Alok Lal updated RANGER-533:
----------------------------
    Fix Version/s:     (was: 0.5.0)

> Hbase plugin: if user does not have family-level access to any family in a table then user may be incorrectly denied access done at table/family level during get or scan
> -------------------------------------------------------------------------------------------------------------------------------------------------------------------------
>
>                 Key: RANGER-533
>                 URL: https://issues.apache.org/jira/browse/RANGER-533
>             Project: Ranger
>          Issue Type: Bug
>    Affects Versions: 0.4.0
>            Reporter: Alok Lal
>            Assignee: Alok Lal
>
> Consider the following series of hbase shell commands
> {code}
> disable 'tab1'
> drop 'tab1'
> create 'tab1', 'fam1', 'fam2', 'fam3'
> put 'tab1', 'row1', 'fam1:col1', 'fam1-col1-value'
> put 'tab1', 'row1', 'fam1:col2', 'fam1-col2-value'
> put 'tab1', 'row1', 'fam2:col1', 'fam2-col1-value'
> {code}
> Imagine that there are users it1 and it2 both belonging to user group IT.  Let's grant them following access:
> {code}
> grant '@IT', 'R', 'tab1', 'fam1', 'col1'
> grant 'it2', 'R', 'tab1', 'fam2'
> {code}
> After this if user it1 does any of the following accesses then user won't get back any rows, even thought we would expect the user to get back 'row1' with data for 'fam1:col1'
> {code}
> scan 'tab1'
> scan 'tab1', 'fam1'
> get 'tab1', 'row1'
> get 'tab1', 'row1', 'fam1'
> {code}
> However, doing the following works as expected.
> {code}
> scan 'tab1', 'fam1', 'col1'
> get 'tab1', 'row1', 'fam1', 'col2'
> {code}
> Further user it2 gets right results when it does the following, i.e. she gets back results from both 'fam1:col1' and 'fam2;col1'
> {code}
> scan 'tab1'
> scan 'tab1', 'fam1'
> get 'tab1', 'row1'
> get 'tab1', 'row1', 'fam1'
> {code}
> This happens because for user it1 (from group IT) there is no column family to which it has family-level access in table 'tab1'.  She only has partial access to 'fam1' and no access to 'fam2'.  Where as while user it2 has partial access to fam1 since she has full access to fam2 the final results are right and include values from both fam1 and fam2.

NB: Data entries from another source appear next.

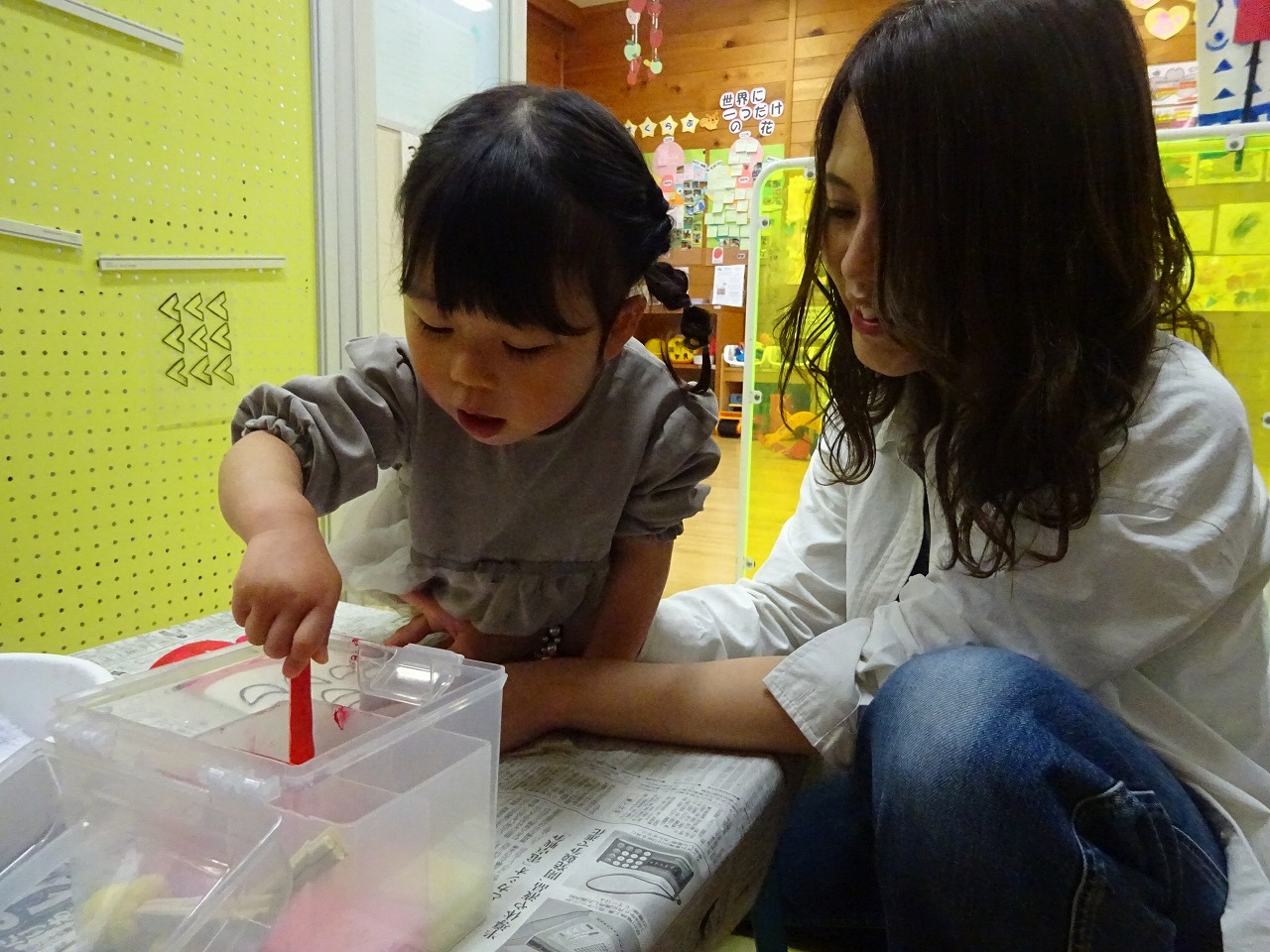 和紙でできたこいのぼりに、好きな模様を選んでもらいタンポで押して模様を付けてもらいました。自分でやるよとどんどん進めていく子、小さいお友だちはお母さんのお膝に入って手を添え一緒に製作を楽しんでみえました。クルクル回るかざぐるまや、お子さんの名前を漢字で入れて特別感があるこいのぼりにみなさん喜んで下さいました。
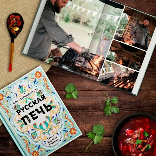 Книга фермера и фуд-блогера Ольги Стрижибиковой "Русская печь" знакомит нас с одной из самых актуальных экотрадиций. Чем хороша печная кулинария? Своей простотой. Не нужны ни специальные знания, ни владение особыми технологиями. Печь все делает сама. Для того, чтобы готовить, обязателен только один навык: уметь ее топить. Технология приготовления еды в модном су-виде и печи похожи: томление при невысоких температурах с максимальным сохранением пользы и вкуса. Приготовление в печи процесс долгий, но совершенно не требующий постоянного вашего присутствия. Он для ленивых: пока печь топится, подготовить ингредиенты, потом убрать в печь и почитать книгу в саду или лечь спать. Чтобы через несколько часов или утром получить ароматный пряный суп-пюре из моркови или гречневую кашу с грибами прямо с пылу с жару. Вы будете удивлены, но в русской печи можно приготовить как блюда актуальной кухни — например, ростбиф или конфи из утки, — так и деревенские специалитеты типа бульона из петуха с пирожками с брынзой или зельца из свиных голов. Любители здорового питания откроют для себя ассорти из запеченных корнеплодов, суп-пюре из кабачков с мятой и кресс-салатом и песто из чесночных стрелок. А если вы еще не обзавелись печью, все эти блюда можно готовить и в обычной бытовой духовке!
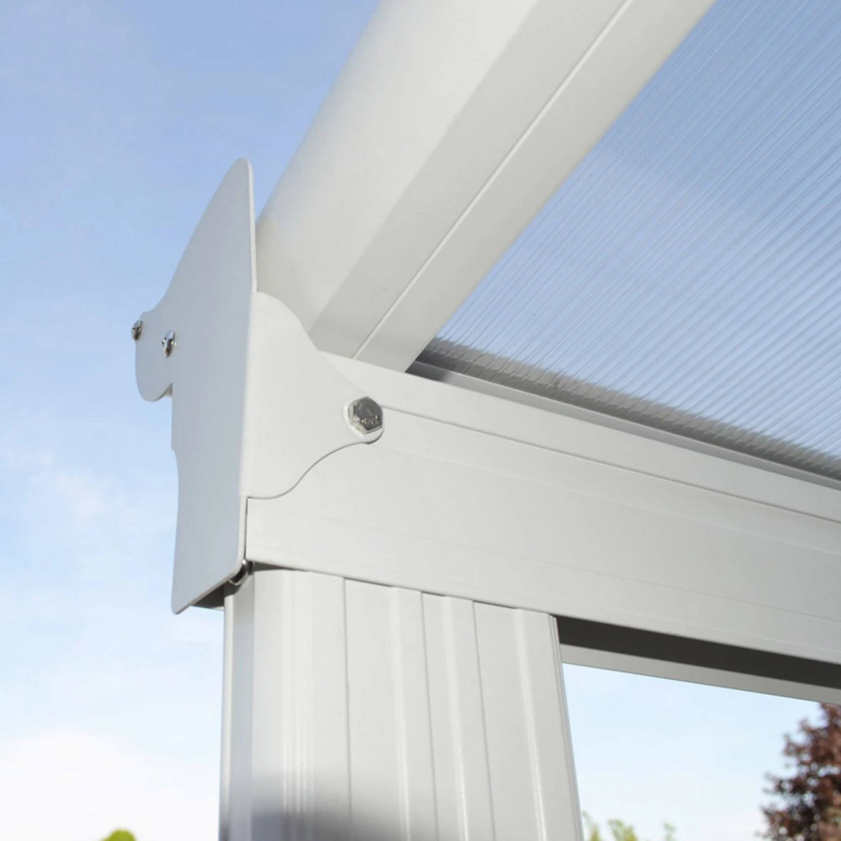 Wir haben bewusst fünf verschiedene Breitenmaße im Angebot, damit fast jeder gewünschte Anbauort flächenmäßig möglich ist. Das gesamte Terrassendach ist als Bausatz konstruiert. Dieser beinhaltet alle benötigten Teile: Sichtschienen aus Aluminium (nichtrostend, leicht und sehr stabil). Hinzu kommen Verbindungsplatten, Winkel, U-Schienen, Schrauben, Dübel, Bolzen, Kappen, Regenablauf und doppelwandige Hohlkammerplatten.
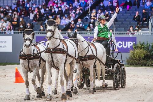 Les meneurs d'attelage ont comme d'habitude fait vibrer le public lors de la Pré-Qualificative pour la FEI Driving World Cup™. Pour leur entrée en matière cette année, les meneurs et leurs chevaux ont rivalisé d'habileté et vitesse. En fin de compte, le hollandais Bram Chardon s'est montré le meilleur, devançant Boyd Exell et Jérôme Voutaz, respectivement 2e et 3e.
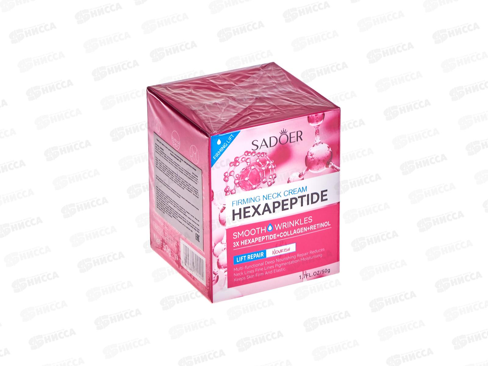 Укрепляющий крем для шеи Sadoer с пептидами 50 гр. Формула крема тщательно разработана для обеспечения глубокого ухода и видимого лифтинг-эффекта. В состав входят высококонцентрированные пептиды, которые проникают в глубокие слои кожи, обеспечивая многоступенчатый эффект регенерации. Состав: Water, Glycerin, Propylene Glycol, Cyclopentasiloxane, Glycereth-26, Carbomer, Betaine, Triethanolamine, Allantoin, Lactose, Polyacrylamide, Methylparaben, Titanium Dioxide, Cellulose, Fragrance, C13-14 Isoparaffin, Laureth-7, Sodium Hyaluronate, Methylisothiazolinone, Hydroxypropyl Methylcellulose, Jojoba Esters, CI 73360, CI 15985, Ascorbyl Palmitate, Tocopheryl Acetate, Hydrolyzed Collagen, Acetyl Hexapeptide-8, Hydroxypropyl Tetrahydropyrantriol, Aloe Barbadensis Leaf Extract, Retinol, Hydrolyzed Keratin.
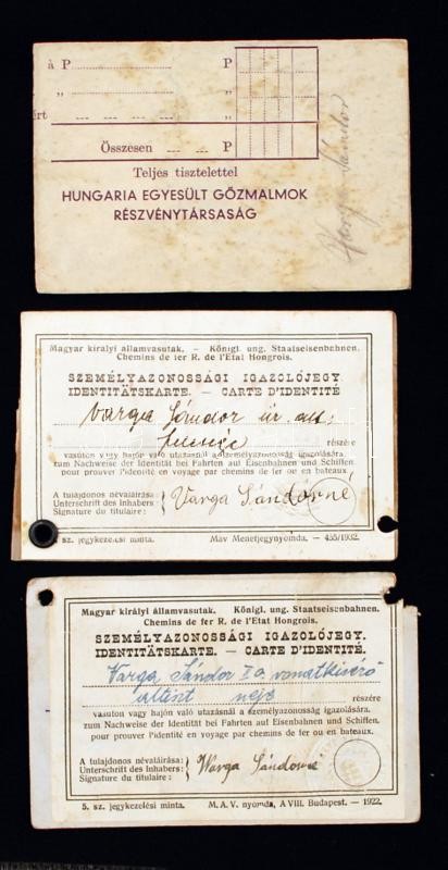 Beschreibung: 1927 Magyar királyi államvasutak fényképes igazolványa altiszt és családtagja részére 3 db
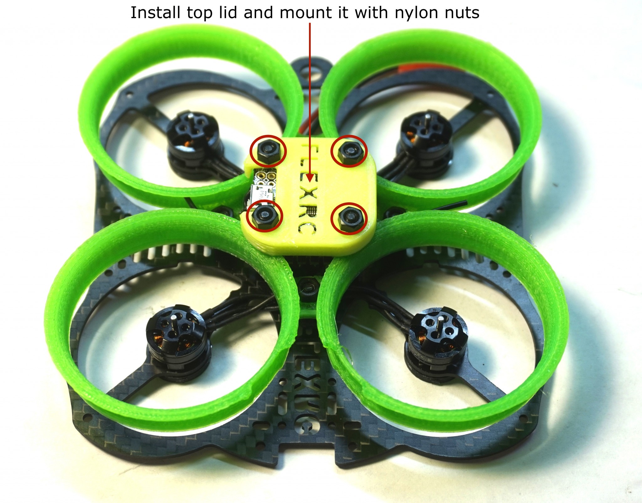 Put flight controller on standoffs, make sure that lemon-rx wires will be inside, so ducts can be installed:
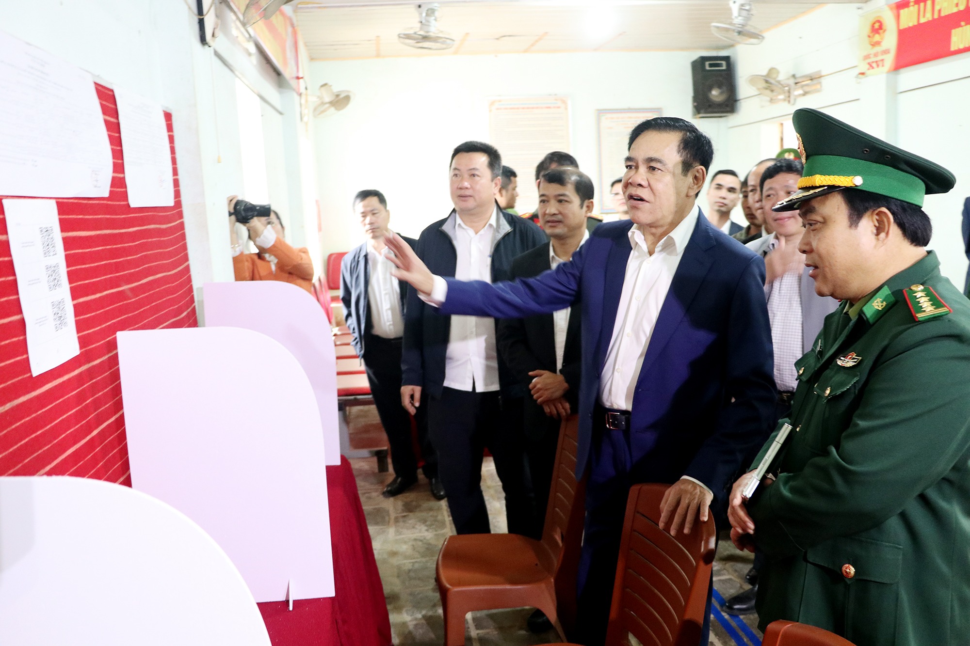 Chủ tịch UBND tỉnh Võ Trọng Hải kiểm tra khu vực bỏ phiếu tại Nhà văn hóa xóm Nam Thung, xã Vạn An |
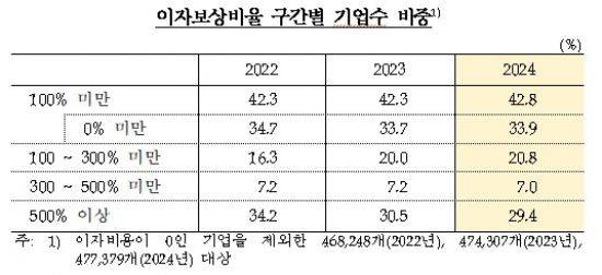 이자보상비율 100% 미만 기업도 42.8%로 늘어
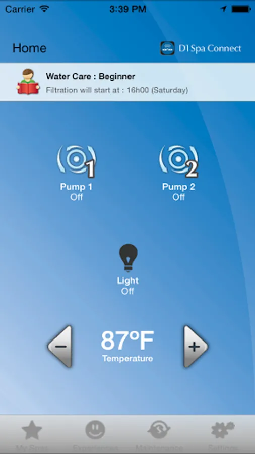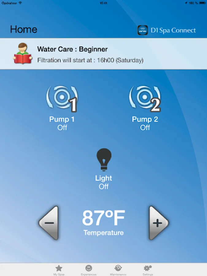 Using a wireless or cellular Internet connection, the D1 Spa Connect app provides a user-friendly interface that allows you to control your hot tub functions from outside of your spa, such as:
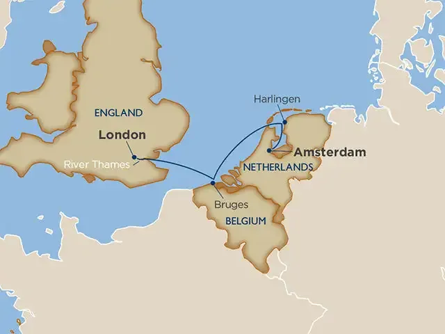 Begin your journey in the center of London with the unforgettable small-ship experience of sailing beneath the iconic Tower Bridge. Cross the North Sea to Bruges, where canals, medieval squares, and chocolate shops make every street feel like a postcard. Continue to Harlingen, a true Dutch harbor town that blends maritime tradition with authentic local charm. Your voyage concludes in Amsterdam, famous for its winding canals, world-class museums, and lively café culture. This shorter itinerary offers the perfect taste of Northern Europe, combining iconic destinations with rare small-ship exclusives.

> Workaround for this issue is to create a dummy family in a table and give full access to that dummy family to all users that otherwise don't full access to any other column family of that table.
> So in the above example if you were to give the following grant then results of user it1 would be corrected:
> {code}
> grant '@IT', 'R', 'tab1', 'fam3'
> {code}
> In practice most often users have family level access so incidents of this issue in the field might be less.